Given records:
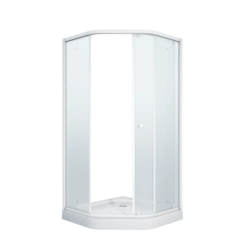 Уголок из матового стекла и белого алюминиевого профиля лаконично впишется практически в любое оформление ванной комнаты. Трапециевидная форма и раздвижные двери экономят полезную площадь в санузле Модель практична. На матовом стекле не видны разводы от воды, полотно легко чистить.
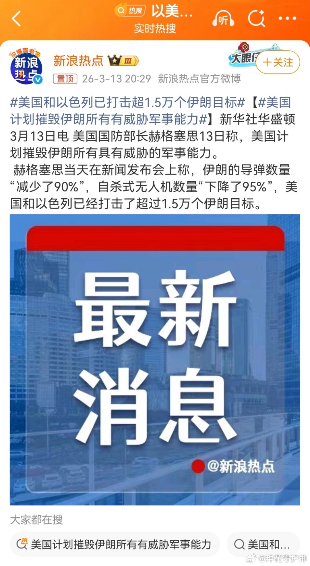 格塞思当天在新闻发布会上称,伊朗的导弹数量“减少了90%”,自杀式无人机数量“下降了95%”,美国和以色列已经打击了超过1.5万个伊朗目标。
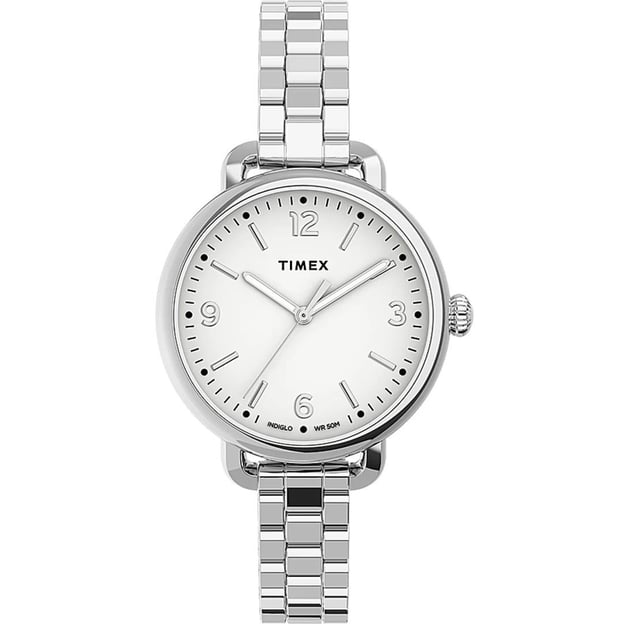 Timex Standard Demi Tx2u60300 дополнены серебристым корпусом, жемчужно-белым циферблатом и браслетом из нержавеющей стали.
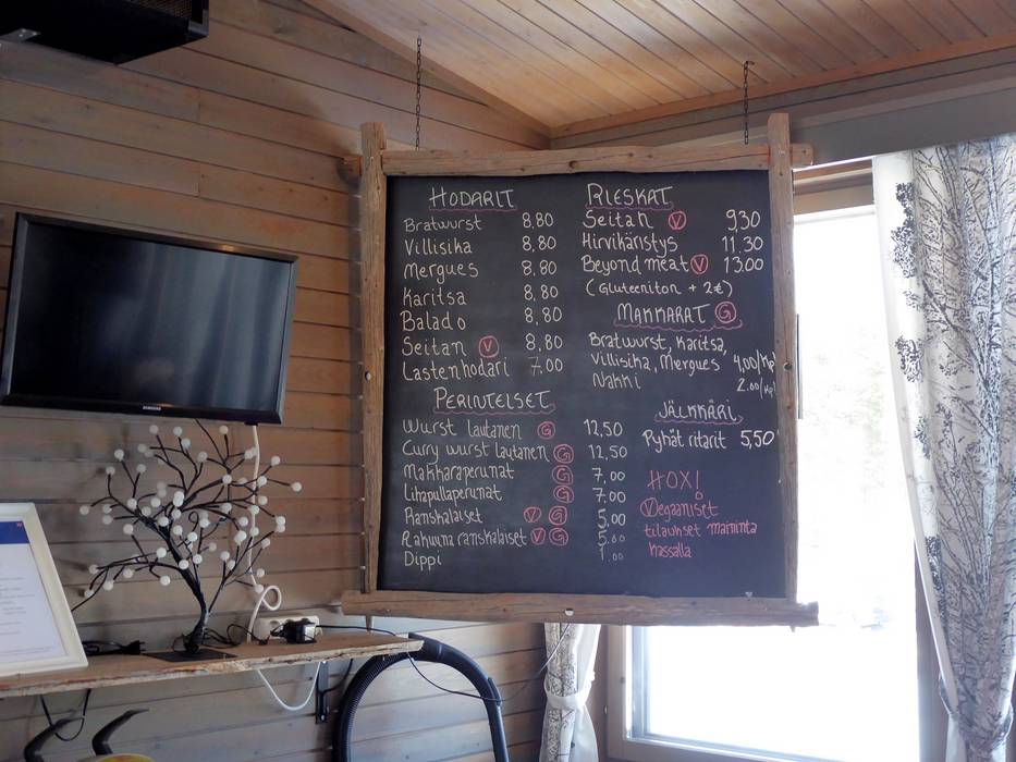 Im Restaurant PyhäWurst erhält man eine große Auswahl an verschiedenen Würsten. An kalten Tagen wärmt der Kamin und bei Sonnenschein lockt die Terrasse.
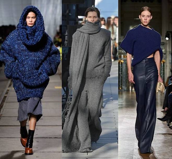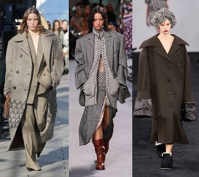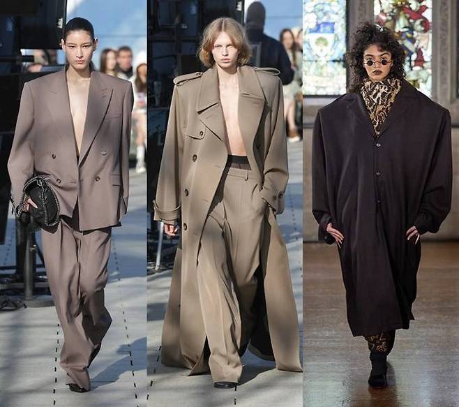 런던, 파리 패션위크 무대에는 어깨에 ‘뽕’을 넣은 듯한 파워 숄더 코트부터 재킷, 셔츠 등에 이르끼까지 과장된 형태의 슈퍼사이즈 아우터가 대거 등장했다.
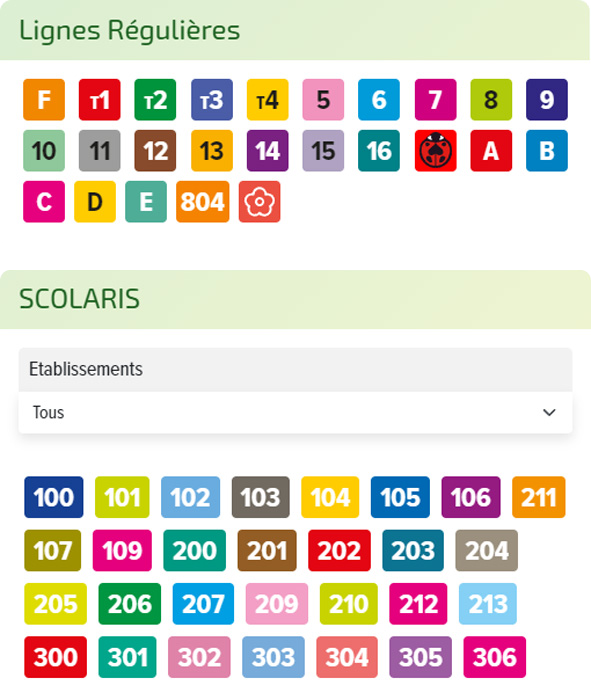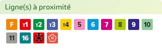Lignes à moins de 10min à pied (3 km/h) de votre position géolocalisée.
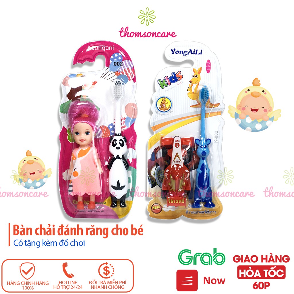 Bàn chải đánh răng cho bé, tặng kèm đồ chơi ngộ nghĩnh cho trẻ.

Goal of the exercise:
A word-for-word restatement of all the lines above is needed, with the pictures omitted.

Solution to this exercise:
 Уголок из матового стекла и белого алюминиевого профиля лаконично впишется практически в любое оформление ванной комнаты. Трапециевидная форма и раздвижные двери экономят полезную площадь в санузле Модель практична. На матовом стекле не видны разводы от воды, полотно легко чистить.
 格塞思当天在新闻发布会上称,伊朗的导弹数量“减少了90%”,自杀式无人机数量“下降了95%”,美国和以色列已经打击了超过1.5万个伊朗目标。
 Timex Standard Demi Tx2u60300 дополнены серебристым корпусом, жемчужно-белым циферблатом и браслетом из нержавеющей стали.
 Im Restaurant PyhäWurst erhält man eine große Auswahl an verschiedenen Würsten. An kalten Tagen wärmt der Kamin und bei Sonnenschein lockt die Terrasse.
 런던, 파리 패션위크 무대에는 어깨에 ‘뽕’을 넣은 듯한 파워 숄더 코트부터 재킷, 셔츠 등에 이르끼까지 과장된 형태의 슈퍼사이즈 아우터가 대거 등장했다.
Lignes à moins de 10min à pied (3 km/h) de votre position géolocalisée.
 Bàn chải đánh răng cho bé, tặng kèm đồ chơi ngộ nghĩnh cho trẻ.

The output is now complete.